Department of Biology, Tufts University, 200 College Avenue, Medford, MA, 02155, USA.
Oecologia. 2021 May;196(1):13-25. doi: 10.1007/s00442-020-04848-w. Epub 2021 Feb 12.
Ecologists often collect data with the aim of determining which of many variables are associated with a particular cause or consequence. Unsupervised analyses (e.g. principal components analysis, PCA) summarize variation in the data, without regard to the response. Supervised analyses (e.g., partial least squares, PLS) evaluate the variables to find the combination that best explain a causal relationship. These approaches are not interchangeable, especially when the variables most responsible for a causal relationship are not the greatest source of overall variation in the data-a situation that ecologists are likely to encounter. To illustrate the differences between unsupervised and supervised techniques, we analyze a published dataset using both PCA and PLS and compare the questions and answers associated with each method.
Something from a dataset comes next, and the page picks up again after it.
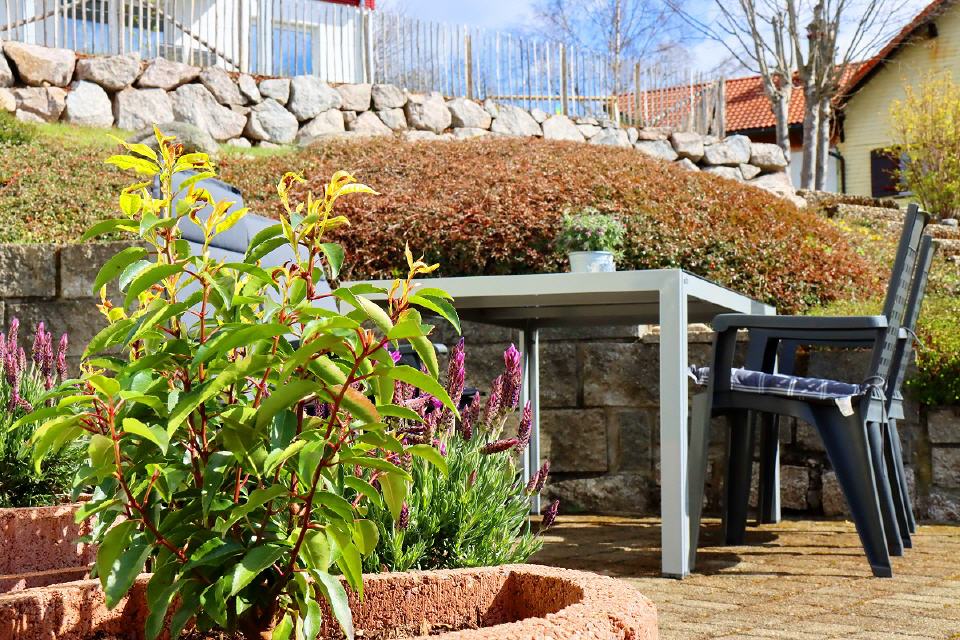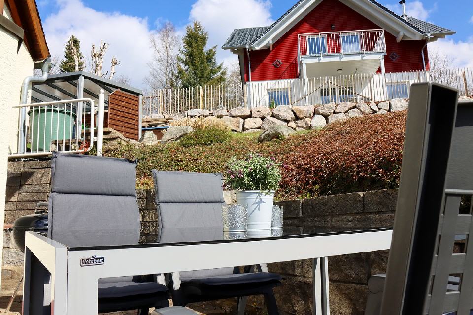 - Außensitzplatz, Tisch, 4 Stühle, Weber-Holzkohle-Grill

We also use simulated datasets representing situations that further illustrate differences between unsupervised and supervised analyses. For simulated data with many correlated variables that were unrelated to the response, PLS was better than PCA at identifying which variables were associated with the response. There are many applications for both unsupervised and supervised approaches in ecology. However, PCA is currently overused, at least in part because supervised approaches, such as PLS, are less familiar.
生态学家通常会收集数据,目的是确定众多变量中哪些与特定的原因或结果有关。无监督分析(例如主成分分析,PCA)总结数据中的变化,而不考虑响应。有监督分析(例如偏最小二乘,PLS)评估变量,以找到最佳解释因果关系的组合。这些方法不能互换使用,特别是当与因果关系最相关的变量不是数据中总体变化的最大来源时——这种情况生态学家很可能会遇到。为了说明无监督和有监督技术之间的差异,我们使用 PCA 和 PLS 对已发表的数据集进行分析,并比较与每种方法相关的问题和答案。我们还使用模拟数据集表示进一步说明无监督和有监督分析之间差异的情况。对于具有许多与响应无关的相关变量的模拟数据,PLS 比 PCA 更能识别与响应相关的变量。无监督和有监督方法在生态学中有许多应用。但是,PCA 目前被过度使用,至少部分原因是监督方法(如 PLS)不太为人所知。